Ha ha it's fun to be defined "a professor from Italy". Probably for most people in this community I'm the designer of the JavaScript PRNG (V8, Node.js, Chrome, Firefox, etc.) or the author of fastutil. LOL.

martincmartin · on March 6, 2023

Could a large language model help with this? Like, train it on papers, then feed it your rejected draft and ask it to generate an improved draft that sounded more like the training data?

The idea would be to use the expected phrasings and idioms, format, etc. Of course, all content would have to be checked, as LLMs are prone to BS. But if the problems were mostly that it didn't follow the conventions of that academic subgenre, this seems exactly what an LLM could do. If the problem was more about e.g. not citing previous work, the LLM probably wouldn't do a good job there.

thomasmg · on March 6, 2023

Actually I think it would help quite a lot in what I struggled with!

> as LLMs are prone to BS

I agree. The output sounds very convincing, and on a high-level it might make sense. If there are 3 layers: (a) high-level idea, (b) more detailed ideas, and (c) choosing the right words, tone, syntax, grammar, then LLMs seem to be very good in (a) and (c), but quite bad at (b). For somebody not familiar with the topic, it's hard to detect this.

gcr · on March 6, 2023

There are also good ways of using LLMs to write better papers that don't even require the LLM to contribute to the text!

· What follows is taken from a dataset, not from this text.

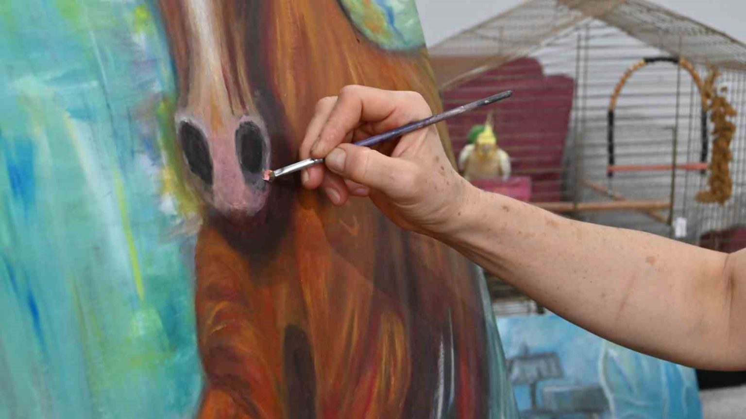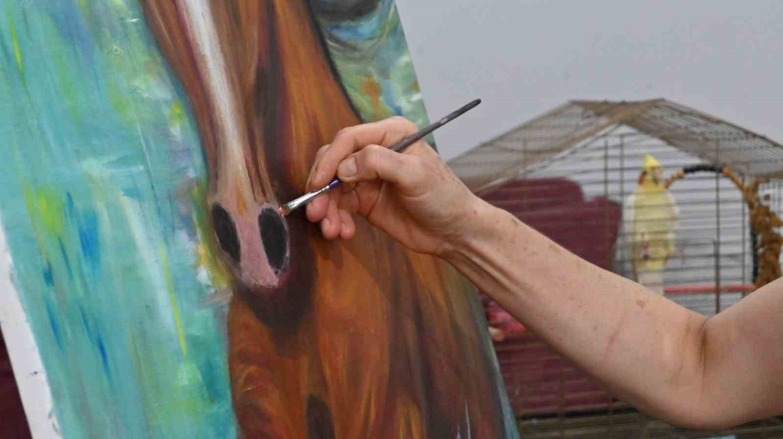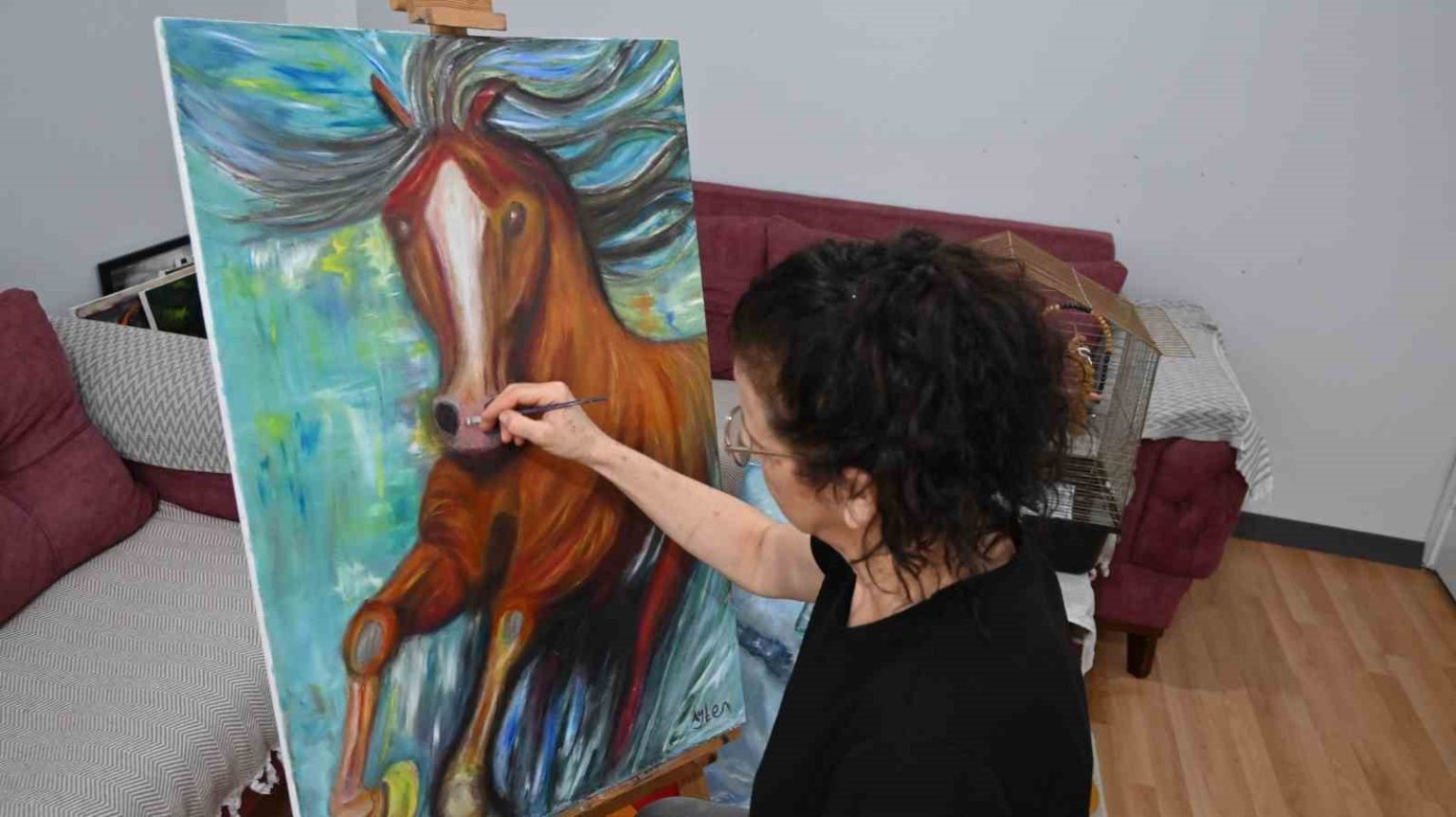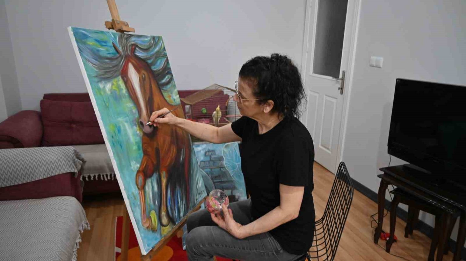 Hatay depremine resim yaparken yakalanan ve asrın felaketinde komşularını kaybeden, felaketin ardından Eskişehir’de göç eden 50 yaşındaki ressam Ayten Cömert, “Depreme resim yaparken yakalandım. O resim fırçası beni hayata bağladı diyebilirim” dedi.

Consider feeding your outline through the LLM alongside prompts like:

- "What's missing from this draft that a reader would expect to find in a top-tier conference paper?"

- "Do you see any problems with the {experiments,discussion,background,related work} section?"

- "What previous work should this paper cite that an expert would find relevant in this field?" (be sure to double-check the sources, LLMs tend to hallucinate with prompts like this)

- "What points is an expert in the field likely to raise during peer review?"

- "Which parts should be rephrased to make the paper sound more natural to a native English speaker?"

As an occasional peer reviewer, I could imagine conferences having a problem with GPT-generated paper submissions clogging up an already highly competitive acceptance pipeline. In case conferences start using detection tools to filter such manuscripts (and I'm torn on whether they should tbh), you can still use ChatGPT like a "friendly, expert colleague" who offers suggestions that you then draft yourself.

I think the application of ChatGPT that I like the most is where ChatGPT is a "friendly, expert editor that always has time to give you suggestions and offer advice," tightening the feedback loop between author and editor to help the author improve their writing. Think of it like a "human-learner-in-the-loop" AI system rather than a "replaces-a-human" AI system.